Extending Bag and BagNode

Bag and BagNode are designed to be extended. You can subclass them, mix in additional behavior, and the core machinery will preserve your custom types automatically — intermediate nodes, copies, and deserialized bags all stay in your subclass.

This page explains why you would extend them, how the extension mechanism works, and the trade-offs of mixin ordering.

Why extend?

Extending Bag / BagNode is useful when you want to:

  • Add domain methods directly on the bag. A ConfigBag can expose validate(), apply_defaults(), etc. instead of forcing callers to use external helpers.

  • Add per-instance state that travels with the bag. Caches, source metadata, lifecycle hooks.

  • Customize the node type. A TaggedBagNode can carry extra fields, custom __repr__, computed properties.

  • Keep the whole tree consistent. If the root is a ConfigBag, intermediate sub-bags created on path assignment are also ConfigBag, and their nodes are TaggedBagNode. No manual reconstruction needed.

  • Share behavior via mixins. The same mixin can be combined with different base subclasses without rewriting it.

How extension works

The core never instantiates Bag() or BagNode() directly when replicating structure. It uses polymorphic patterns:

  • Instance methods that need a new bag use self.__class__() (e.g. when bag['a.b.c'] = v creates intermediate nodes, or during deepcopy).

  • @classmethod deserializers (from_xml, from_json, from_tytx) use cls().

  • Nodes are instantiated via parent_bag._node_class(...), where _node_class is a class attribute on Bag (default: BagNode). The leading underscore marks it as internal infrastructure: subclasses set it explicitly to inject a custom node factory, but user code never reads or writes it.

This means subclassing alone is enough to make your custom type propagate everywhere. You just need to respect two constraints:

  1. Constructors must be callable with zero arguments. self.__class__() passes nothing, so all init parameters must have defaults.

  2. BagNode.__init__ signature must be preserved. A custom node is instantiated with (parent_bag, label, value, attr, resolver, node_tag, xml_tag, _remove_null_attributes). Add new state, but don’t change this signature.
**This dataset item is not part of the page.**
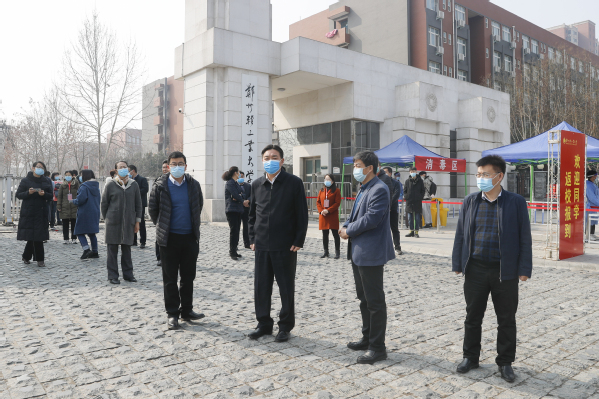 在校门口返校疫情防控现场,校领导与工作人员进行深入交谈,了解学生报到人数、学生报到服务细节等情况,并反复嘱咐工作人员要以服务学生为中心,从学生角度出发,尽量多为学生考虑,让返校学生感受到学校大家庭的温暖与关切,做到热情接待、统筹安排、协调有序、细致周到。校领导还与正在办理报到手续的学生进行了交流,了解学生寒假期间的学习生活情况,叮嘱返校学生们入校后要尽快向家长报平安,有困难要及时向辅导员、班主任反映,返校后尽快进入状态,刻苦学习、积极实践、实现梦想。

Extending with mixins — the basics

A mixin is a plain class that contributes methods or attributes. It is not meant to be instantiated alone.

from genro_bag import Bag
from genro_bag.bagnode import BagNode


class _ConfigMixin:
    """Add new methods only; do not override Bag internals."""
    def apply_defaults(self, defaults: dict) -> None:
        for key, value in defaults.items():
            self.setdefault(key, value)


class _TaggedNodeMixin:
    """Add new methods only; do not override BagNode internals."""
    def is_tagged(self, tag: str) -> bool:
        return self.node_tag == tag


class TaggedBagNode(BagNode, _TaggedNodeMixin):
    pass


class ConfigBag(Bag, _ConfigMixin):
    _node_class = TaggedBagNode

Use it normally:

cfg = ConfigBag()
cfg['db.host'] = 'localhost'

assert isinstance(cfg, ConfigBag)
assert isinstance(cfg['db'], ConfigBag)            # intermediate sub-bag
assert type(cfg.get_node('db')) is TaggedBagNode    # node uses class attribute
cfg.apply_defaults({'db.port': 5432})              # mixin method available

Mixin order: left vs right

In Python, classes listed earlier in the parent list come first in the MRO and win when resolving attribute/method names. This matters when an attribute could come from multiple places.
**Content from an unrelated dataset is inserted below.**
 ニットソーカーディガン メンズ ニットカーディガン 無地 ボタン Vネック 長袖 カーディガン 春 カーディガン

Mixin on the right — the safe default

class ConfigBag(Bag, _ConfigMixin):    # Bag first, mixin second
    ...
  • The mixin cannot override anything that exists in Bag. If _ConfigMixin accidentally defined a method named clear or setdefault, Bag’s version would still win.

  • The mixin only adds new names (apply_defaults, validate, …).

  • Recommended for the common case: you just want extra functionality, not to change how Bag already works.

Mixin on the left — only when override is intentional

class ConfigBag(_ConfigMixin, Bag):    # mixin first, Bag second
    ...
  • The mixin can override methods and attributes of Bag.

  • Use this only when the override is a deliberate design choice — for example, a reusable mixin that carries a default _node_class you want to apply across multiple subclasses.

  • Risk: any name clash, even unintentional, will silently shadow Bag behavior.

Quick comparison

Concern

Mixin on the right

Mixin on the left

Can override Bag methods

No

Yes

Safe against accidental name clashes

Yes

No

Right choice for “add helpers”

Right choice for “the mixin owns a default like _node_class

When you only need a custom node factory

If the only thing you want to change is the node type — no extra methods on the bag, no mixins — declare _node_class directly on the subclass:

class TaggedBag(Bag):
    _node_class = TaggedBagNode

That’s it. No mixins, no MRO concerns. TaggedBag._node_class resolves to TaggedBagNode because the subclass itself is always before Bag in the MRO, regardless of any other parents.

The same applies when you combine a “right-side” mixin with a node override:

class ConfigBag(Bag, _ConfigMixin):
    _node_class = TaggedBagNode      # explicit, single line

The override is visible at a glance when reading ConfigBag, and the mixin stays harmless because it cannot reach the _node_class slot ahead of the subclass itself.

Mixins with __init__

If a mixin needs initialization, it must cooperate via super():

class _CachingMixin:
    def __init__(self, *args, **kwargs):
        super().__init__(*args, **kwargs)
        self._cache: dict = {}


class CachedBag(Bag, _CachingMixin):
    pass

super().__init__(*args, **kwargs) keeps the constructor chain intact. Remember the zero-argument rule: CachedBag() must remain callable with no arguments, so any new parameter introduced by the mixin needs a default.

Decision guide

What you want

What to do

Only add helper methods to the bag

Mixin on the right, no _node_class override

Only change the node type

_node_class = MyNode directly on the subclass

Add helpers and custom nodes

Mixin on the right + _node_class override on the subclass

Mixin must impose a shared default (e.g. its own _node_class)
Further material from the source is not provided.